President Ronald Reagan reignited interest in hypersonics in the 1980s when he announced plans for a hypersonic aircraft that could fly from Washington to Tokyo in two hours. The U.S. spent at least $1.7 billion on developing a prototype of the aircraft, which never flew and was canceled after the end of the Cold War.
Neil Armstrong next to the X-15 aircraft after a research flight in the early 1960s. PHOTO: NASA
Wreckage of an X-15 after pilot Jack McKay made an emergency landing during a test in 1962. The pilot was injured. PHOTO: NASA
No country today flies a manned hypersonic aircraft. U.S. and other militaries operate supersonic jets, meaning they can fly greater than the speed of sound, or Mach 1, but none can reach Mach 5.
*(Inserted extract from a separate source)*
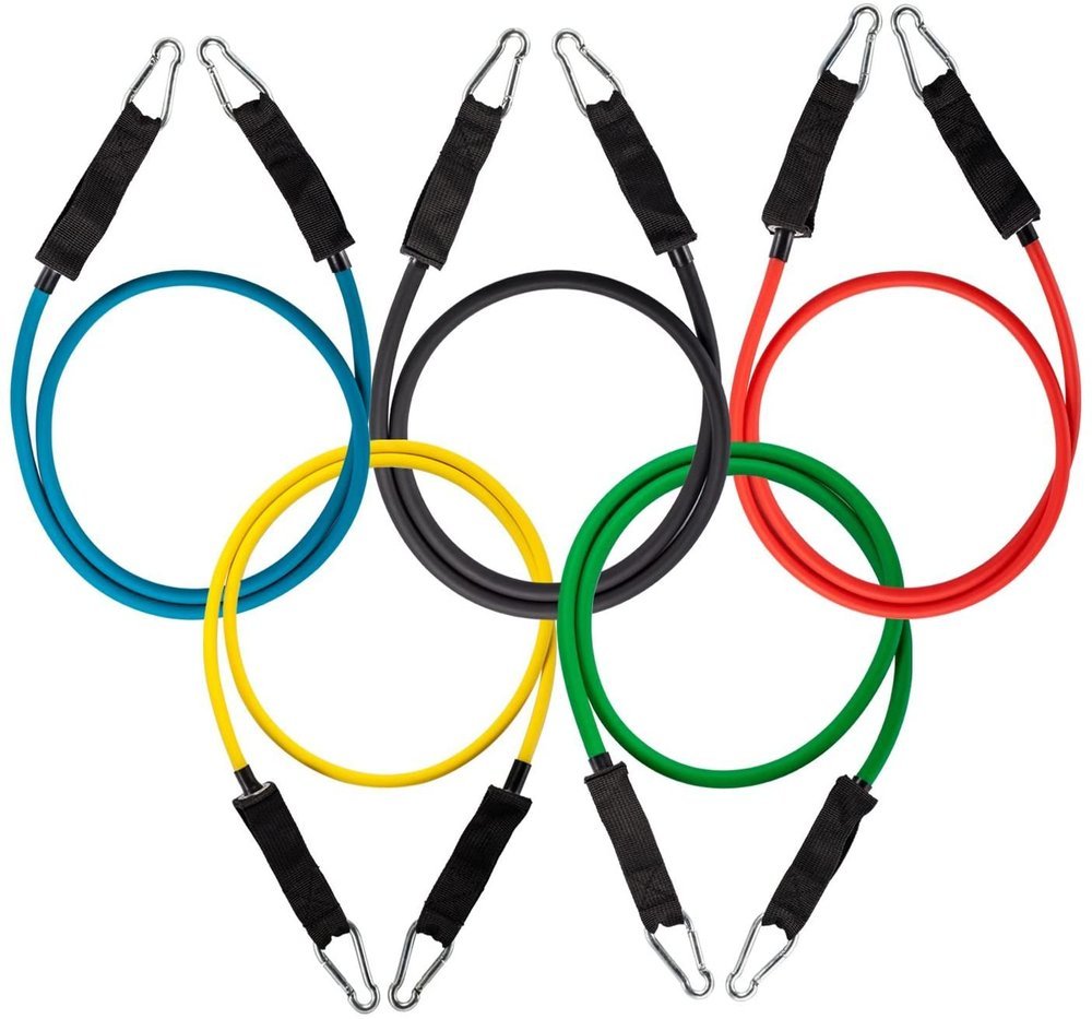 Sada pěti tréninkových odporových gum vyrobených z přírodního kaučuku. Umožňují vám provádět fyzická cvičení bez omezení doma. Spolu s gumami v sadě najdete:
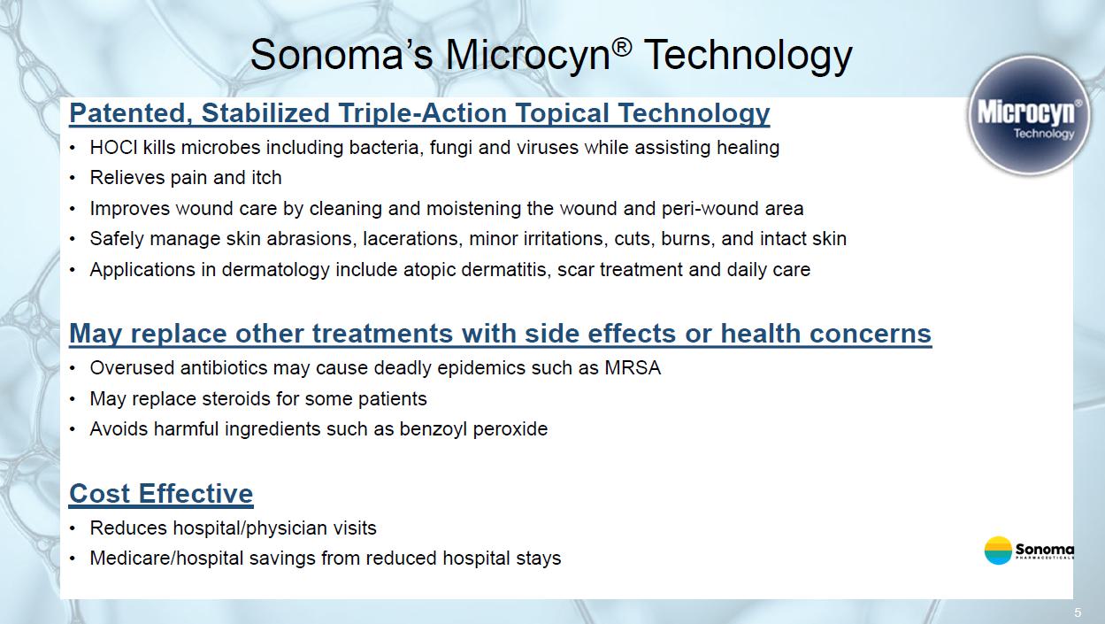 Hypochlorous Acid Industry Leader 21 U.S. FDA clearances as 510(k) medical devices, CE marks for over 39 products, and extensive worldwide regulatory clearances Utilized on millions of patients worldwide without a single report of serious adverse effect Focused on billion - dollar markets in Rx and OTC dermatology, wound care, eye, oral and nasal care, podiatry, animal health and non - toxic disinfectants, treating common injuries and managing irritations Diverse Global Healthcare Business Investment Highlights Over 20 years of experience developing and manufacturing products containing HOCl, over 100 research articles, papers and clinical and case studies, over 50 active U . S . and international patents, and continual product innovation Robust and diverse international partner network selling into over 55 countries and extensive worldwide regulatory clearances means products can be commercialized faster FDA registered medical device manufacturing capabilities in Mexico lowers COGS and creates opportunities for volume plays 4

After the terrorist attacks of Sept. 11, 2001, U.S. attention was diverted to a different type of warfare. For the next two decades, Washington funded technologies such as armed drones, bomb detection and sensors that could track terrorists and insurgents. Though some argued the usefulness of a superfast missile in striking a terrorist leader, others said hypersonic weapons offered little advantage in these fights.
“Our nation has chosen not to create an operational capability, and a lot of people ask why,” said L. Neil Thurgood, a retired lieutenant general who previously headed the Army’s hypersonics work. “One of the reasons is for the last 20 years, we’ve been spending our national treasure of blood and resources on the global war on terror.”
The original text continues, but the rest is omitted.